Il est permis d’admirer la finesse et la précision avec laquelle, au milieu du xive siècle, un maître ès-arts savait mettre en évidence l’absurdité de certaines suppositions touchant la loi de la chute accélérée des graves.

À la discussion que nous venons d’analyser, Albert donne la conclusion suivante :

« Il faut donc entendre que l’intensité du mouvement du grave devient double, triple, etc., dans le sens suivant : Quand un certain espace a été parcouru, ce mouvement a une certaine intensité (vitesse) ; quand un espace double a été parcouru, la vitesse est double ; quand l’espace parcouru est triple, elle est triple, et ainsi de suite. Et ideo tertia conclusio intelligitur, quod intenditur per duplum, triplum etc., ad istum intellectum quod, quando ipso pertransitum est aliquod spatium, est aliquantus ; et quando ipso est pertransitum duplum spatium, est in duplo velocior ; et quando ipso pertransitum est triplum spatium, est in triplo velocior ; et sic ultra. »

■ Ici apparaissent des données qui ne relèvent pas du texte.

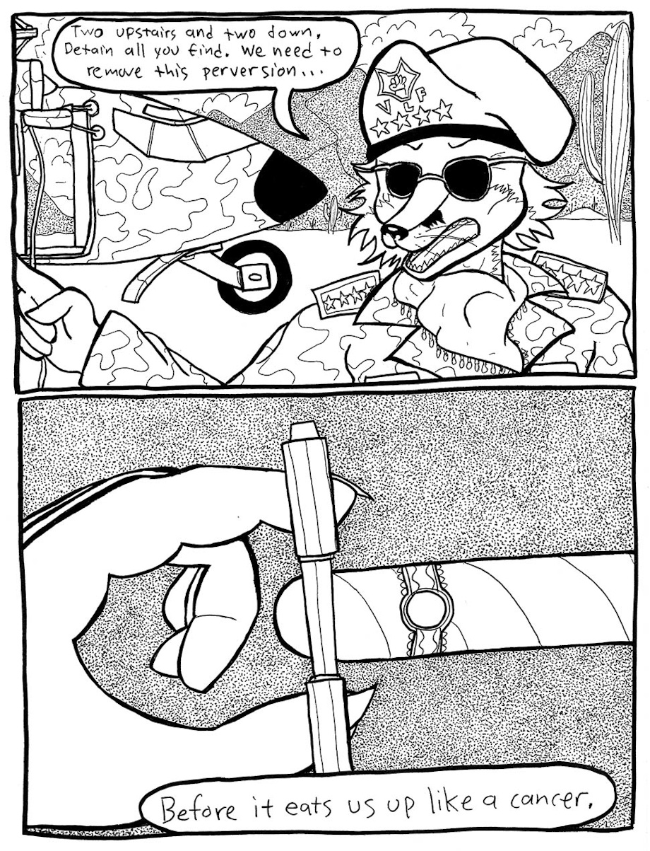 This is a comic I started back in 2010 that has become massive. It's about a group of revolutionary red foxes, the Vulpine Liberation Front (VLF), and their plot to trap a couple of problem cops into a forceful, sex-and-drugs based "social rehabilitation" program run by the group.

La loi ainsi formulée par Albert de Saxe comme loi possible de la chute des graves n’est pas la proportionnalité de la vitesse à la durée de la chute ; c’est la proportionnalité de la vitesse à l’espace parcouru par le mobile. On sait que cette loi devait séduire Galilée dans sa jeunesse et qu’il en devait, plus tard, démontrer l’absurdité. Avant Galilée, Léonard de Vinci devait connaître la même hésitation. Mais on doit remarquer qu’en l’analyse d’Albert, l’extensio secundum tempus est, constamment, mise en parallèle de l’extensio secundum distantiam ; sauf en la conclusion que nous venons de citer, notre auteur a toujours soin de répéter de l’une ce qu’il a dit de l’autre ; la concision seule de son exposé l’a, sans doute, détourné de prolonger cette répétition jusqu’à la fin, et de signaler comme également recevable la proportionnalité de la vitesse à la durée de la chute ; entre cette loi exacte et la loi erronée, son choix, très certainement, demeurait suspendu ; l’attention d’un lecteur intelligent pouvait se porter aussi bien sur la loi exacte qu’Albert n’avait pas formulée que sur la loi erronée dont il avait donné l’énoncé explicite.